Super Boxing League
- Sport: Boxing
- Founded: 2017
- Founder: Bill Dosanjh, Amir Khan
- First season: 2017
- Owner: Bill Dosanjh
- Motto: Hit Harder
- No. of teams: 8
- Country: India
- Most recent champion: Maratha Yoddhas
- Most titles: Maratha Yoddhas (1 title)
- Broadcaster: Sony ESPN
- Website: Official website

= Super Boxing League =

Professional boxing league in India

The Super Boxing League was the first professional boxing league in India. British businessman Bill Dosanjh and former boxing champion Amir Khan founded Super Boxing League in 2017 after Super Fight League's first season. The league is organised with the support of World Boxing Council and Professional Boxing Organisation India.

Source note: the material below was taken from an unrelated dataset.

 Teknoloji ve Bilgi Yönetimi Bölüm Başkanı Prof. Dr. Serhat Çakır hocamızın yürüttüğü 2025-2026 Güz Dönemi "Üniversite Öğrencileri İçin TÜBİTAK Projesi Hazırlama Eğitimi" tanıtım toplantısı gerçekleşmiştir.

The first season had 8 teams comprising both men and women pugilists.

==Teams==
List of all participating teams.

| Team | Location | Owners |
|---|---|---|
| Delhi Gladiators | Delhi | Shiva Vij, Varun Jain (N V Group), Sushant Singh Rajput |
| Haryana Warriors | Haryana | Arun Gupta |
| Maratha Yoddhas | Pune | Ajeenkya Patil, Riteish Deshmukh |
| Mumbai Assassins | Mumbai | Nitin Jadhav, Sohail Khan |
| North East Tigers | Northeast India | Amit Aggarwal, Prakash Johari, Arun Malhotra |
| OPM Punjab Sultans | Punjab | Deep Malhotra, Sunny Leone, Gauravh Malhotra, Gautam Malhotra |
| Bahubali Boxers | South India | Mohammed Esa, Vishal Siwappa, Suniel Shetty, Rana Daggubati, Jonaid Bin Tajuddin Mohammed, Shobhu Yarlagadda, Avi Mittal |
| UP Terminators | Uttar Pradesh | Jaskaran Puniyani and Navraj Jaura, Kanika Kapoor |

==Scoring system==
The Super Boxing League follows a special points scoring system.

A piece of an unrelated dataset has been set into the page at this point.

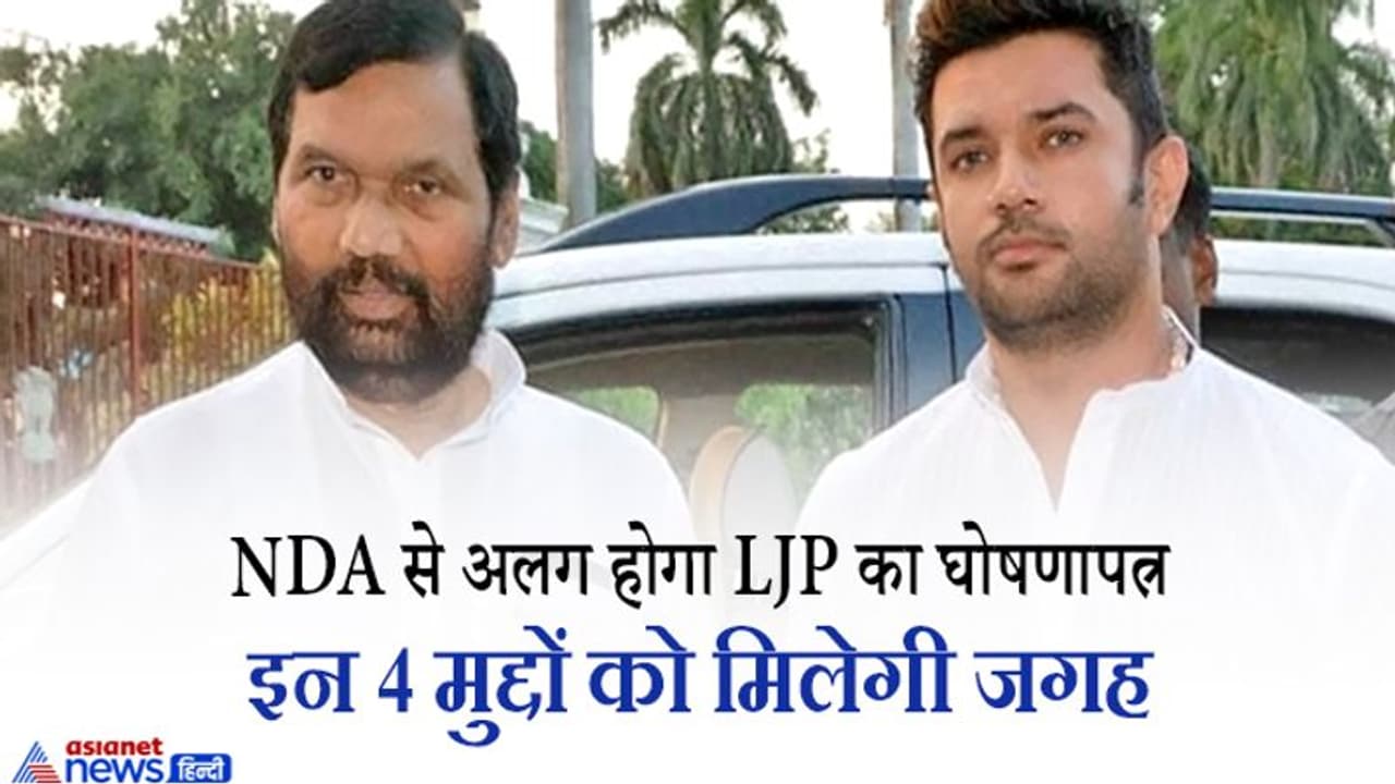 पटना। विधानसभा चुनाव से पहले एलजेपी और जेडीयू का झगड़ा बीजेपी की मध्यस्थता के बाद थमता दिख रहा है। हालांकि अभी भी एनडीए में अपनी भूमिका को लेकर एलजेपी नेता चिराग पासवान बहुत संतुष्ट नजर नहीं आ रहे हैं। इसके संकेत पार्टी के उस रुख से भी मिल रहा है जिसमें एलजेपी का घोषणापत्र एनडीए से अलग बनाए जाने की चर्चा है। पार्टी चार बड़े मुद्दों को घोषणापत्र में जगह देगी जो चिराग की भविष्य की राजनीति के मद्देनजर तैयार किए गए लगते हैं।

| Bout outcome | Points awarded |
|---|---|
| Knockout | 6 |
| Technical knockout | 4 |
| Decision | 3 |
| Draw | 1 |

==2017 SBL season==
The first edition of SBL was held from July 7 to August 12, 2017, at Siri Fort, New Delhi.
Maratha Yoddhas beat Haryana Warriors to become the inaugural champions. While Sukhdeep Singh of Warriors was the best boxer of the league and Sandeep Chikara of Yoddhas was given the title of best knockout of the league.